“Finally.” That was the first word tweeted on a Twitter account for Jens Soering November 25, the day he learned he and former girlfriend Elizabeth Haysom had been granted parole, 34 years after the savage murders of her parents, Derek and Nancy Haysom.
Upon their release, Soering, 53, and Haysom, 55, will be turned over to ICE. He’ll be deported to Germany and Haysom will be sent to her native Canada. Neither will be allowed to return to the United States.
The sensational case of the two UVA Echols scholars who fled to Asia and were arrested in England has long enthralled central Virginia. Soering was an 18-year-old virgin when he met femme fatale Haysom, 20, and fell under her spell.
He initially confessed to the slayings of the Bedford couple, whose throats were slit and who were stabbed multiple times, to protect his lover from execution, believing that as the son of a German diplomat, he’d have diplomatic immunity. He quickly recanted his story, but authorities chose not to believe his denial, nor did they accept Haysom’s initial confession.
After fighting deportation for four years, his 1990 murder trial was broadcast, a rarity here. Haysom was sentenced to 90 years as an accomplice before the fact, and Soering received two life sentences.
He has steadfastly maintained his innocence, and over the years has gained many prominent supporters, including German Chancellor Angela Merkel, Nobel Peace Prize nominee Irwin Cotler, and Albemarle Sheriff Chip Harding.
In 2009, then-governor Tim Kaine, on his way out of office, agreed to transfer Soering to Germany, but Kaine’s successor, Bob McDonnell, immediately quashed that plan.
In 2016, German filmmakers released a documentary on the case called Killing for Love. In letters, Haysom frequently expressed her desire to see her parents dead, and suggested that her mother sexually abused her—although she denied that at her trial.
Harding became involved in the case about that time, and with other retired cops—Chuck Reid, who was the Bedford County Sheriff’s Office initial investigator of the murders, former Charlottesville police investigator Richard Hudson, and former FBI agent Stan Lapekas—became convinced there were gaping holes in the evidence against Soering and that Haysom had the motive for the vicious attack.
Haysom’s rare type B blood was found at the scene, as was a bloody sock print. An expert witness at Soering’s trial testified that it could belong to Soering, but other investigators have derided that opinion as “junk science.”
Later testing showed that the O type blood found at Loose Chippings, the Haysoms’ Bedford home, did not belong to Soering, and no physical evidence links him to the crime scene. DNA testing indicates blood found there belongs to two still-unidentified men, says Harding.
He wrote a 19-page letter to the governor in 2017 and said, “In my opinion, Jens Soering would not be convicted if the case were tried today, and the evidence appears to support a case for his innocence.”
Harding learned of the parole when a reporter called. “I’m ecstatic for Jens,” he says. “It’s his life and this is the most important thing for him. As an investigator, I’m not satisfied.”

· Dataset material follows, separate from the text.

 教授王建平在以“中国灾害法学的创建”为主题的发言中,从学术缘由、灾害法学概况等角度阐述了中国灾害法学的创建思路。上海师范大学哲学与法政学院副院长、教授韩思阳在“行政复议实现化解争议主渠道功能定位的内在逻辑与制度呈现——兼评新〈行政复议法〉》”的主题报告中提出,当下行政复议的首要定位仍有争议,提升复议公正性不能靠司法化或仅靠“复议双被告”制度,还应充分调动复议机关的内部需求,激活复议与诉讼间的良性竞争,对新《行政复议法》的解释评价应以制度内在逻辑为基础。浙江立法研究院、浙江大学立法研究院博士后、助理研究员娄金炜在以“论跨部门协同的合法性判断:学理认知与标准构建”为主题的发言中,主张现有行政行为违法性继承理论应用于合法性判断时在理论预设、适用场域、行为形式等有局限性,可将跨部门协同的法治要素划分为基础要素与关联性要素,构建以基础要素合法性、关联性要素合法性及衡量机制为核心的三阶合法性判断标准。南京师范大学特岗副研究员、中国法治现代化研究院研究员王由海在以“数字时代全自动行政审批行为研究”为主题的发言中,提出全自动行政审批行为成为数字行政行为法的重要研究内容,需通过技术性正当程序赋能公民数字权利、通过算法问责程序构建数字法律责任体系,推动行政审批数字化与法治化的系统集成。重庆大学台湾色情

He says parole investigators won’t tell him what they found, nor what they determined wasn’t credible. “We’ll probably never get the answers we want.”

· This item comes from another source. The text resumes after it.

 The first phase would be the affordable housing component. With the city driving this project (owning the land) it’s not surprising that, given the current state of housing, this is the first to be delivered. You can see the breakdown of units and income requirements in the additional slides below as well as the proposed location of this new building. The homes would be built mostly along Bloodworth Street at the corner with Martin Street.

Soering’s attorney Steve Rosenfield represented the now-exonerated Robert Davis, another false confession client who spent 13 years in prison.

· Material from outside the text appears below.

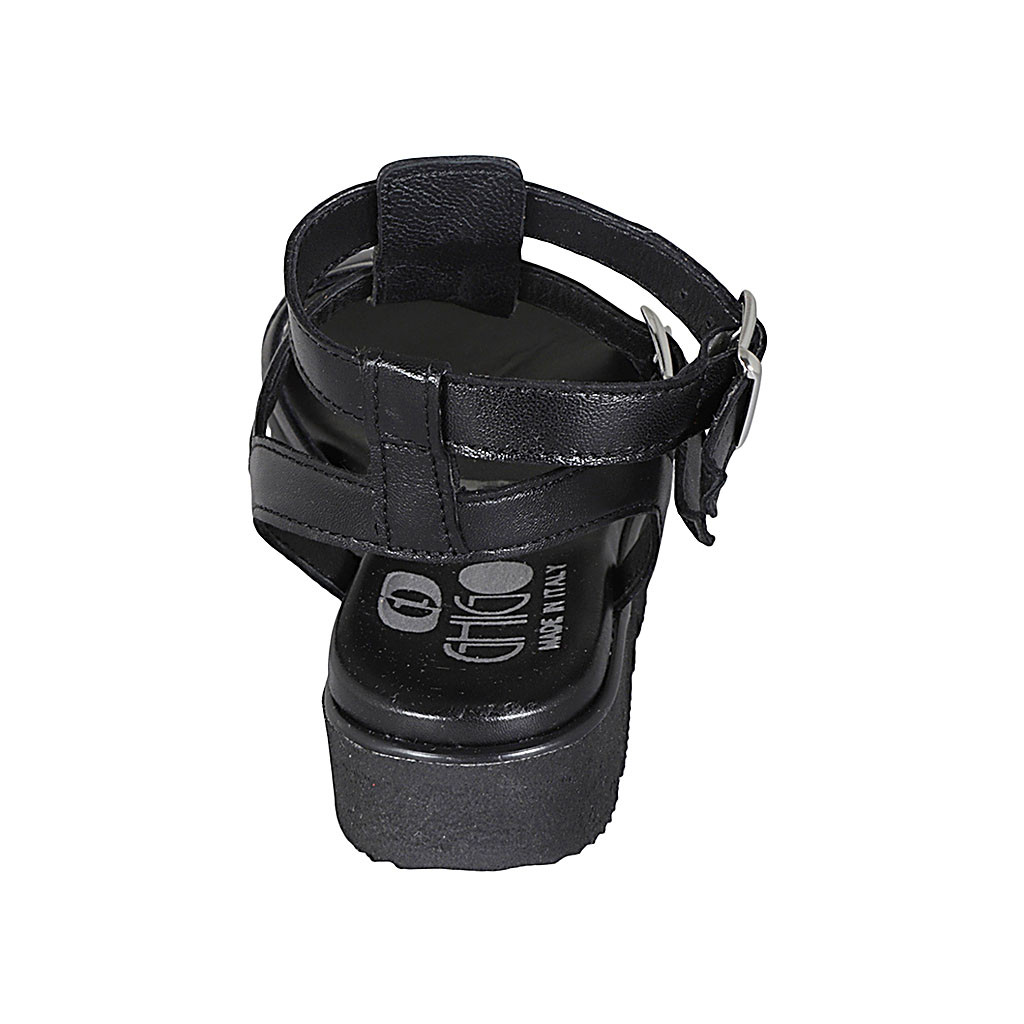 Woman's pointy boot with zipper and elastic band in black leather heel 2

Rosenfield filed a petition to pardon Soering in 2016. Governor Ralph Northam rejected an absolute pardon, as did the parole board, which calls Soering’s claims of innocence “without merit.” But the board did agree to parole after rebuffing requests from both model prisoners many times over the years.
In a statement, Board Chair Adrianne Bennett said parole and deportation were appropriate “based on their youth at the time of the offenses, institutional adjustment, and their length of incarceration.” She notes that their expulsion from the United States “is a tremendous cost benefit to the taxpayers of the Commonwealth of Virginia and we have determined that their release does not pose a risk to public safety.”
Rosenfield, who spent more than 3,000 hours working pro bono on Soering’s case, learned of the decision when he read Frank Green’s Richmond Times-Dispatch story, and at press time had not spoken to Soering.
On Twitter, Soering expressed frustration with the decision: “Without a pardon there might be freedom, but there won’t be justice.”
To those who believed him, he says, “I owe this freedom to my fantastic supporters, who worked so hard, never lost hope and stood by me throughout the decades. Apparently, ‘thank you’ isn’t enough.”
Observes Harding, “People in Virginia, if innocent, once convicted, their chances of being vindicated are pretty slim.”